RECORDED INFORMATION:
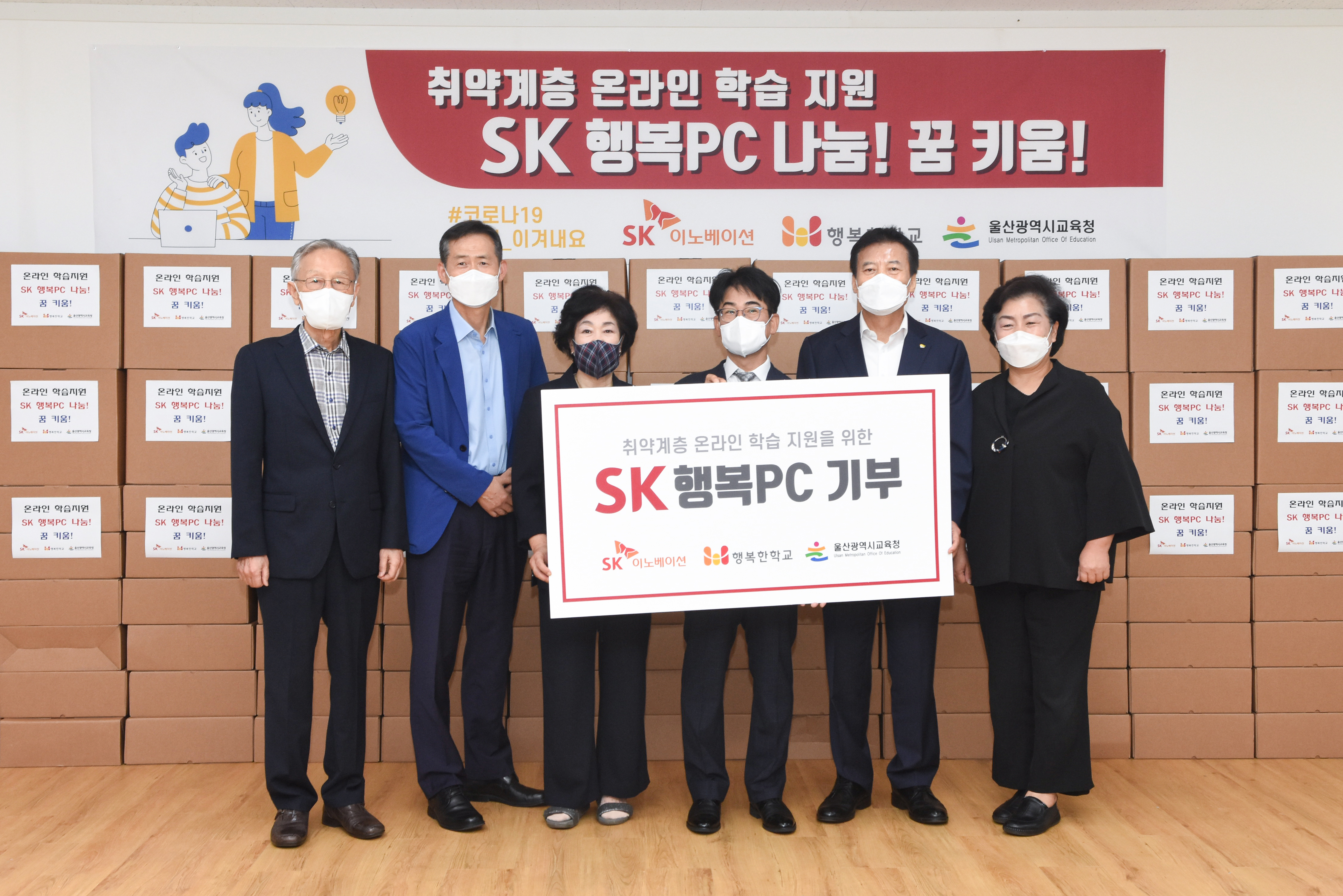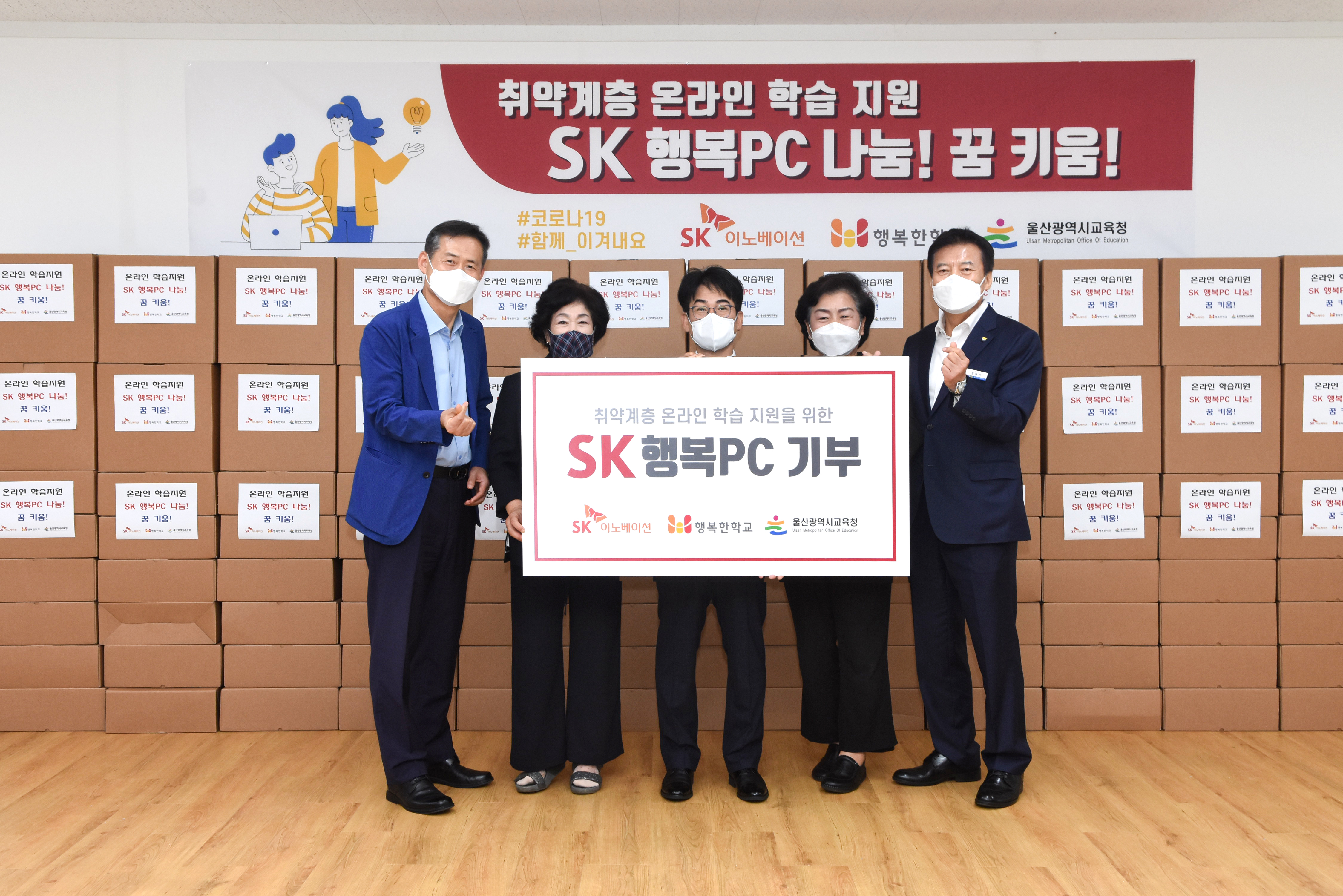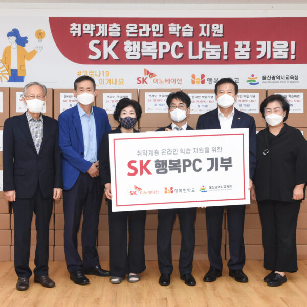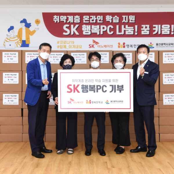 SK이노베이션 울산Complex는 9일 오전, 울산광역시 북구에 소재한 울산행복한학교 강의실에서 ‘SK 행복PC’ 전달식을 개최했다. 이날 전달식에는 SK이노베이션 울산Complex 백부기 대외협력실장, 울산행복한학교 한숙자 이사장과 울산광역시 강남교육지원청 정재균 교육장, 울산광역시 강북교육지원청 장원기 교육장, 울산시의회 교육위원회 소속 천기옥 시의원 등 관계자들이 참석했다.
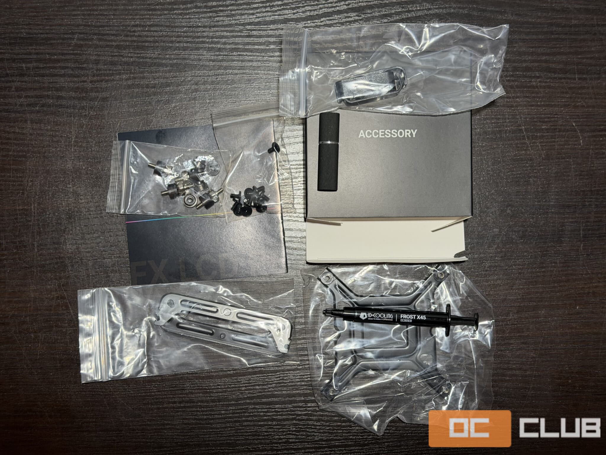 Комплект тоже довольно богатый, помимо креплений для всех сокетов по спецификаций, идет комплект плюшек. Первый раз вижу инструмент в комплекте для прикручивания крепежных стоек, в качестве приятного бонуса большой тюбик термопасты и фиксаторы для шлангов.
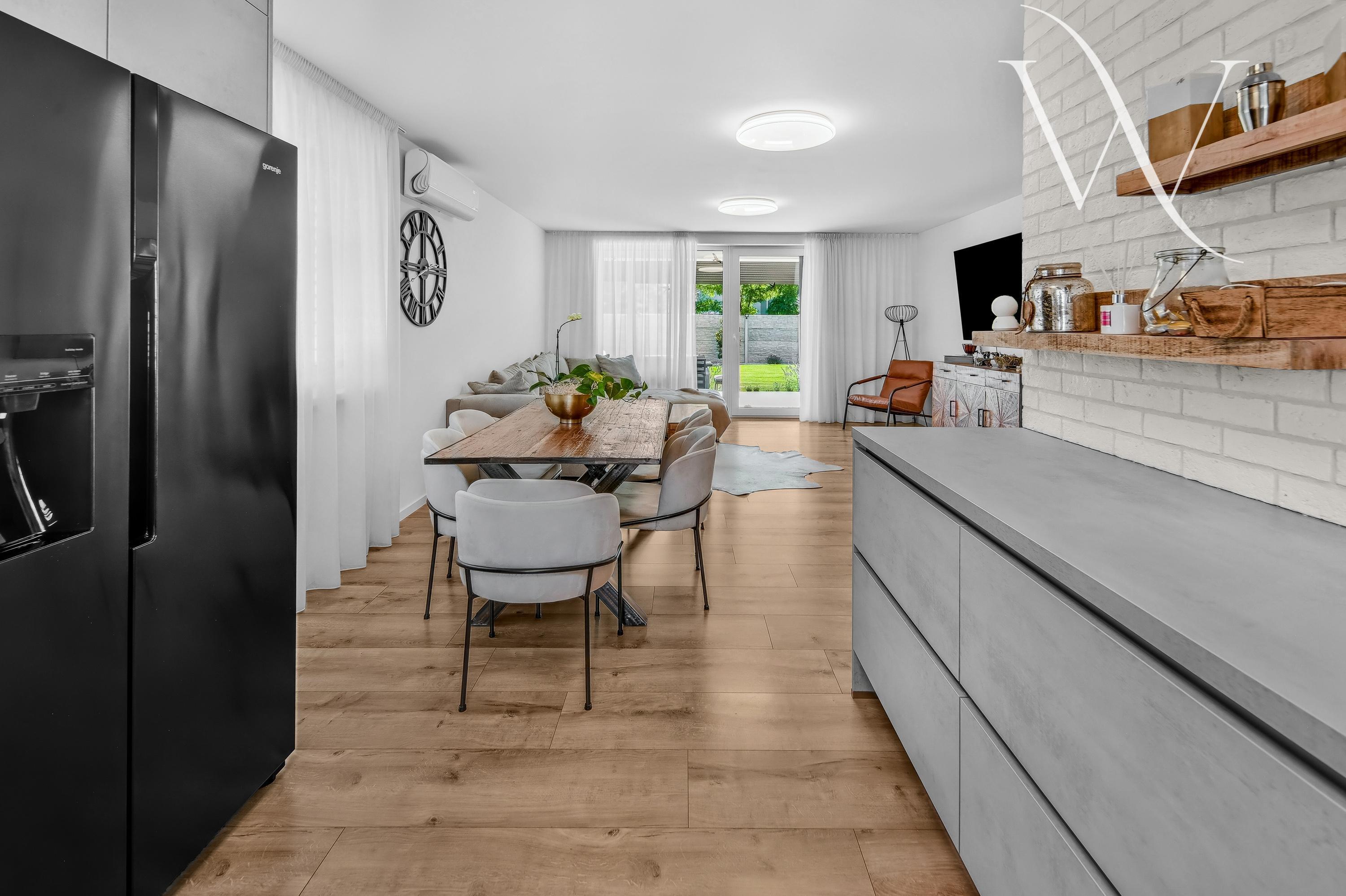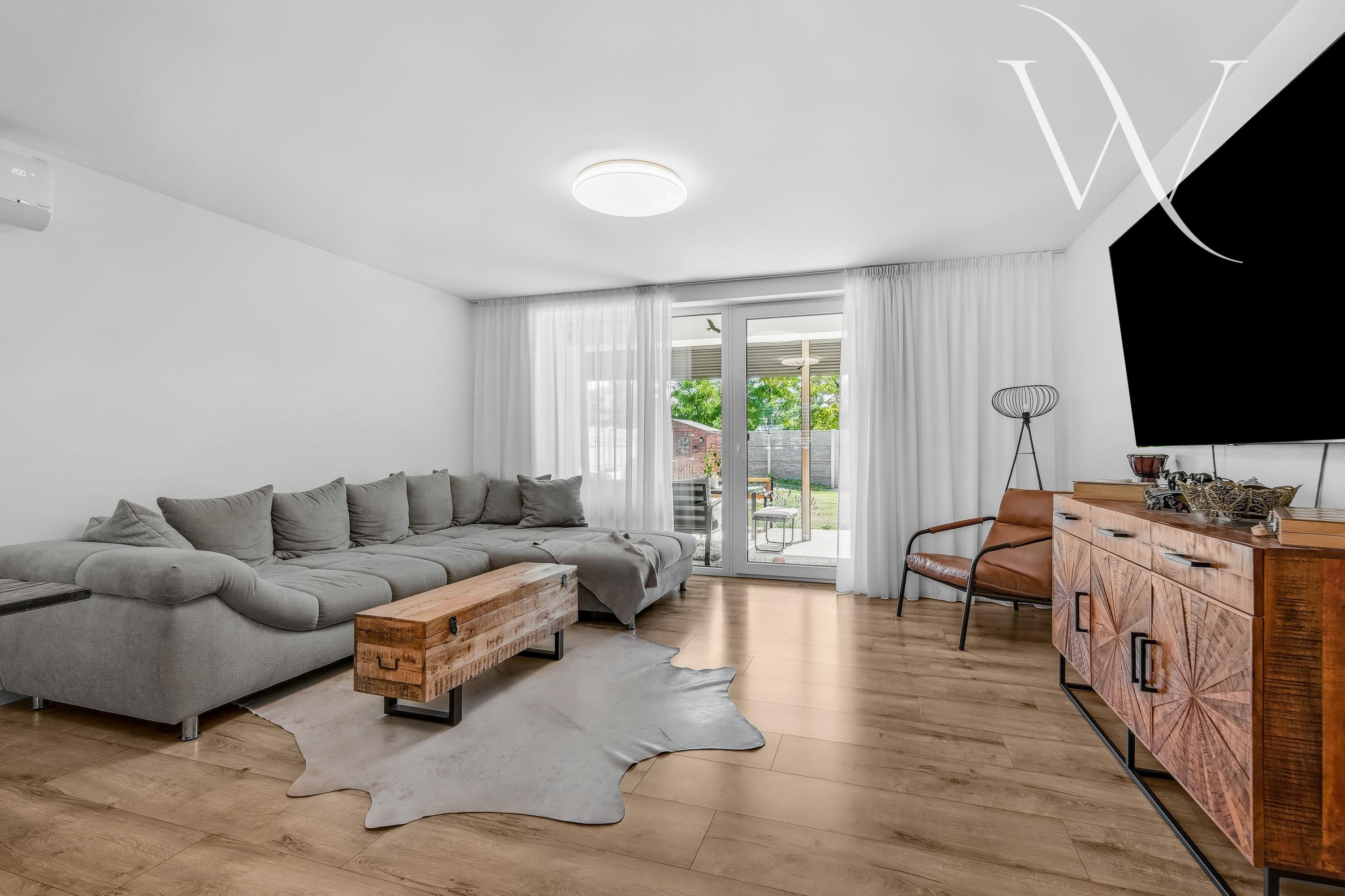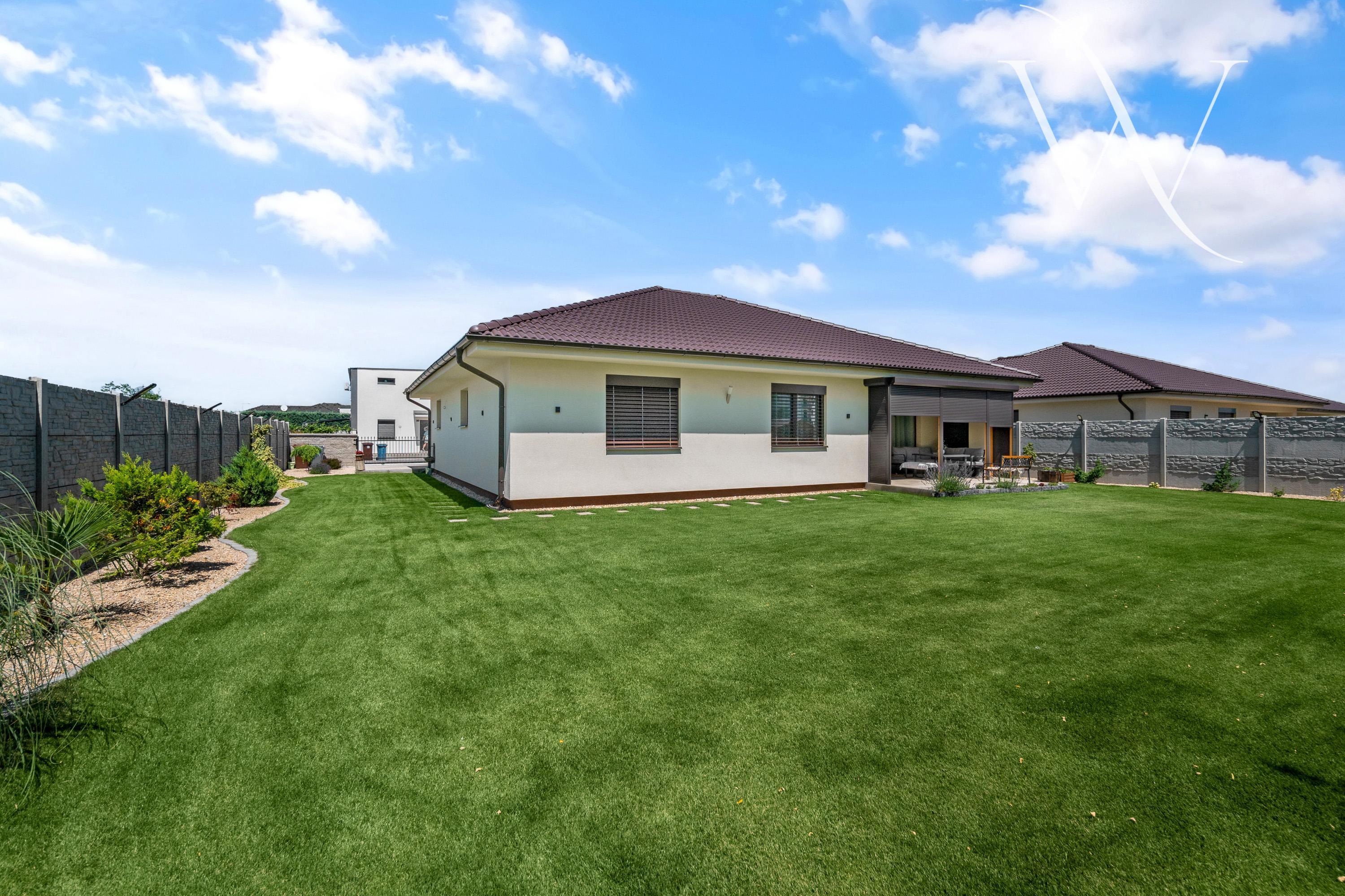 Dominantou domu je veľkorysá, vzdušná obývacia izba prepojená s kuchyňou a jedálňou. Z obývačky je výstup na prestrešenú terasu a do krásne udržiavanej záhrady – ideálne miesto na rodinné stretnutia či oddych.

ACTION ITEM: Word for word, retype the lines from the one that contains "Комплект тоже довольно" through the final line of the data, both ends included, excluding pictures.

EXERCISE SOLUTION:
 Комплект тоже довольно богатый, помимо креплений для всех сокетов по спецификаций, идет комплект плюшек. Первый раз вижу инструмент в комплекте для прикручивания крепежных стоек, в качестве приятного бонуса большой тюбик термопасты и фиксаторы для шлангов.
 Dominantou domu je veľkorysá, vzdušná obývacia izba prepojená s kuchyňou a jedálňou. Z obývačky je výstup na prestrešenú terasu a do krásne udržiavanej záhrady – ideálne miesto na rodinné stretnutia či oddych.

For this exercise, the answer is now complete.